The westernised model of birth in Australia and New Zealand could be considered an expression of colonisation. Can we do anything to unpin the power structures that undermine indigenous birth traditions?

Absolutely, I think New Zealand is leading the way in this. I am sure many Māori people would say there is a long way to go, and I think there is always a long way to go. But one of the things that Australia is now trying to do is the Birthing on Country Project.  Because we have a terrible history, a frankly shameful, shameful history in the way we treated Aboriginal people.  So, the Birthing on Country Project is now happening, it is funded by the government, to bring back birth in the community. Bringing back midwives who work in their own communities, so women can birth in their communities. Historically we’ve rounded Aboriginal women up in their remote communities and, we’ve put them on planes, we’ve flown them to big city hospitals, kept them in hostels away from their communities -which are integral to Aboriginal women – to then give birth with strangers, who are frankly often racist and cold towards them.
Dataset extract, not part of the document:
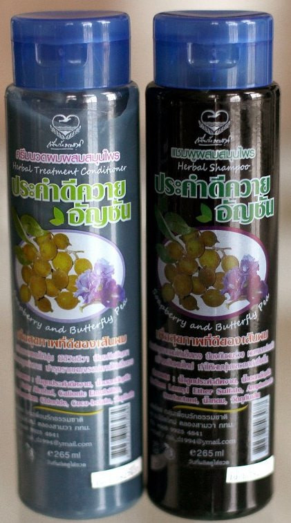 Тайский шампунь и кондиционер с мотыльковым горошком и мыльным орехом по 265 мл.

Then we bundle them up, put them back on a plane and we’ve flown them back to their communities. And you’ve got partners and children who are seeing this woman arrive back with a baby, and there’s this massive disconnect. Canada sorted this out very early with the first nations people. They were flying them all out from remote Canada to the big hospitals, sometimes on an 8 hr flight. And the community said enough. They trained their own indigenous midwives, the midwives stayed in the community. They learnt to triage women who were at risk. Get the women at risk, definitely to the big hospitals but with more culturally sensitive care. And keep the women who don’t have risks in the community. Amazingly as a result, domestic violence dropped. These men now were at the births, and were going “wow, look at my woman, and this is my child.” The tiger, the lion was coming out in them to protect the family rather than abuse it. So, the social meaning and importance of birth has not been grasped enough. I think birth constructs communities, and by not understanding this and not respecting it we can deconstruct, and we can really tear communities apart. We have to understand that where you give birth in a community, can bring a community together.

 


Hannah Dahlen is a Professor of Midwifery and Higher Degree Research Director in the School of Nursing and Midwifery at the Western Sydney University. Hannah has published more than 150 papers and has given papers at over 100 conferences and seminars with half of these being invited keynote addresses. Hannah is one of the top-ranking Western Sydney authors for The Conversation.  Hannah has been cited in the media over 1000 times and has been a part of three documentary films. Hannah has strong international collaborations. She is co-founder of the international research collaboration EPIIC (Epigenetic Impact of Childbirth). In November 2012 she was named in the Sydney Morning Herald’s list of 100 “people who change our city for the better”. She was named as one of the leading “science and knowledge thinkers” for 2012 due to her research and public profile. Hannah has a strong profile in the profession of midwifery. She is a past National President of the Australian College of Midwives, and she sits on several peak National and State committees. Hannah sits on several state and National Health committees. Hannah is still a practising midwife and works in a private group practice in Sydney. Hannah competed her PhD in 2008 and commenced supervising higher degree students then.